Task details. Restate word for word all of the lines below, with each image left out.

Material provided.

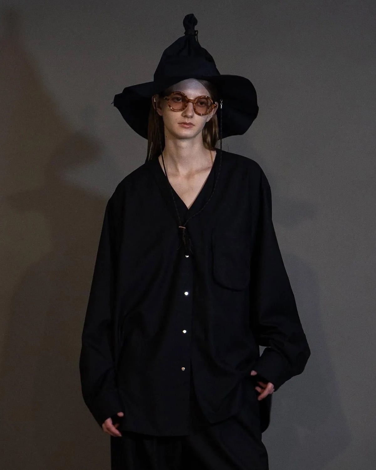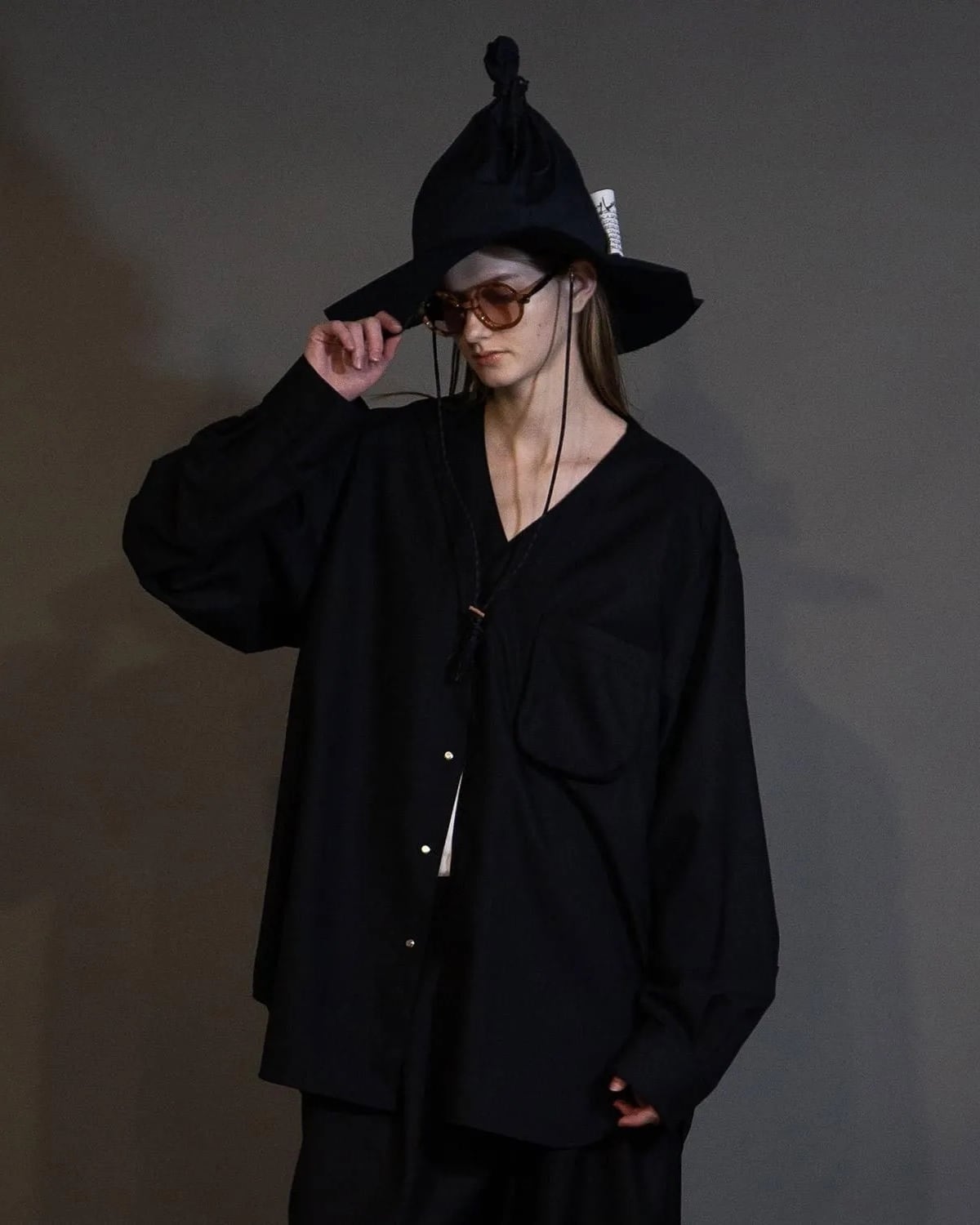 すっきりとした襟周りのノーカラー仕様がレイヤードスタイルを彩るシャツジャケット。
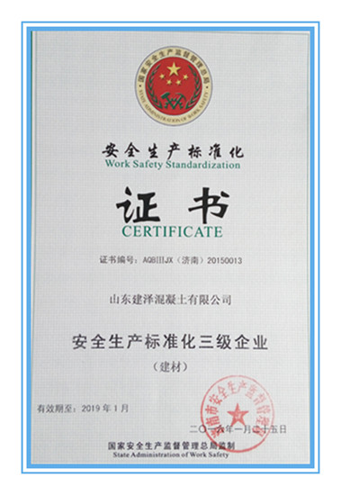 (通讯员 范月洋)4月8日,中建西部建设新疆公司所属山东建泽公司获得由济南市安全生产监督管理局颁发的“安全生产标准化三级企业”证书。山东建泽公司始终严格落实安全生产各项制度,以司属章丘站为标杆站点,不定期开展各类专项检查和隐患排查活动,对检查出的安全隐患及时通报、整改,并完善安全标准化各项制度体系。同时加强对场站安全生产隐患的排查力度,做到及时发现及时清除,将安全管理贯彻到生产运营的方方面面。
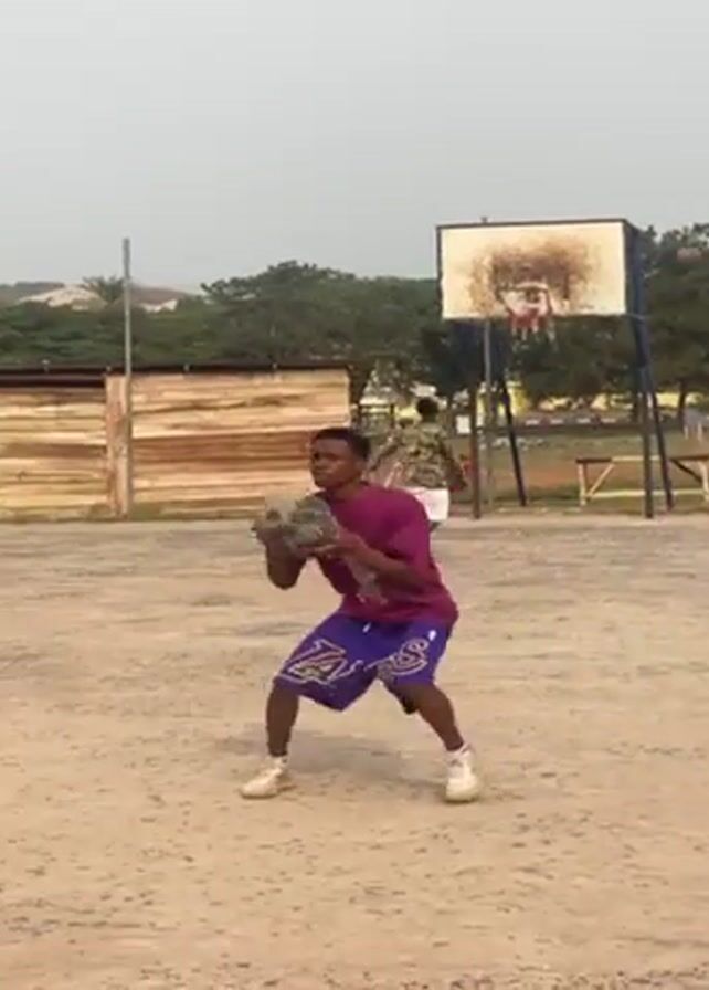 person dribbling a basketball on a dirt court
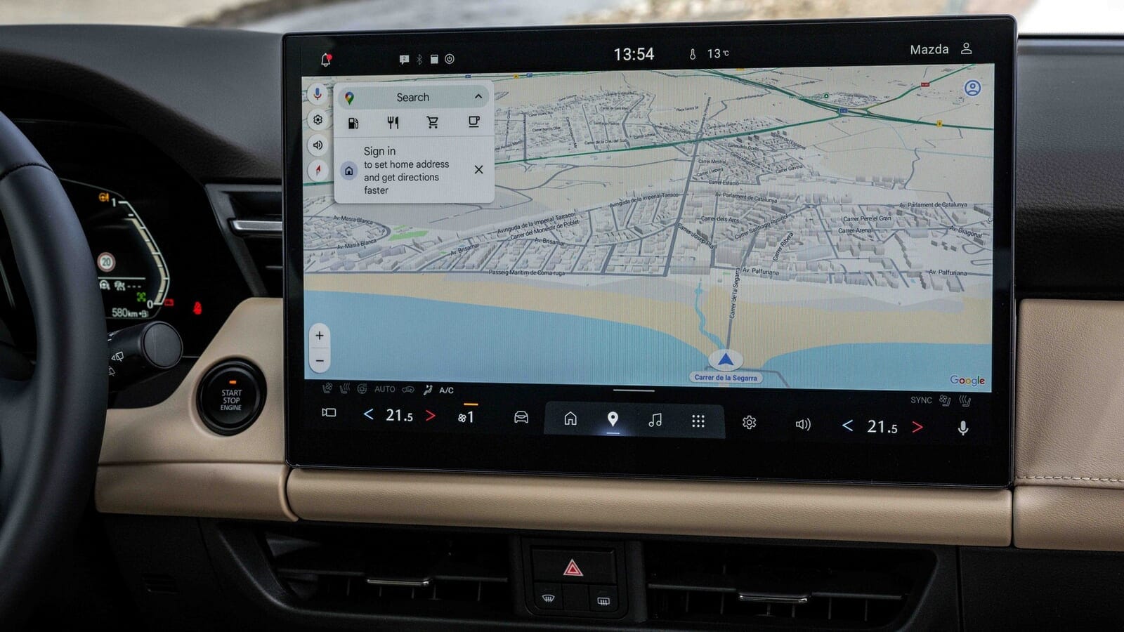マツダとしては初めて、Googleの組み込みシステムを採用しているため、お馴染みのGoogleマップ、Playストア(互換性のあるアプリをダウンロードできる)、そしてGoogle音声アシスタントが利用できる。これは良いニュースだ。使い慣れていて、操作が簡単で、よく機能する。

Final answer.
 すっきりとした襟周りのノーカラー仕様がレイヤードスタイルを彩るシャツジャケット。
 (通讯员 范月洋)4月8日,中建西部建设新疆公司所属山东建泽公司获得由济南市安全生产监督管理局颁发的“安全生产标准化三级企业”证书。山东建泽公司始终严格落实安全生产各项制度,以司属章丘站为标杆站点,不定期开展各类专项检查和隐患排查活动,对检查出的安全隐患及时通报、整改,并完善安全标准化各项制度体系。同时加强对场站安全生产隐患的排查力度,做到及时发现及时清除,将安全管理贯彻到生产运营的方方面面。
 person dribbling a basketball on a dirt court
マツダとしては初めて、Googleの組み込みシステムを採用しているため、お馴染みのGoogleマップ、Playストア(互換性のあるアプリをダウンロードできる)、そしてGoogle音声アシスタントが利用できる。これは良いニュースだ。使い慣れていて、操作が簡単で、よく機能する。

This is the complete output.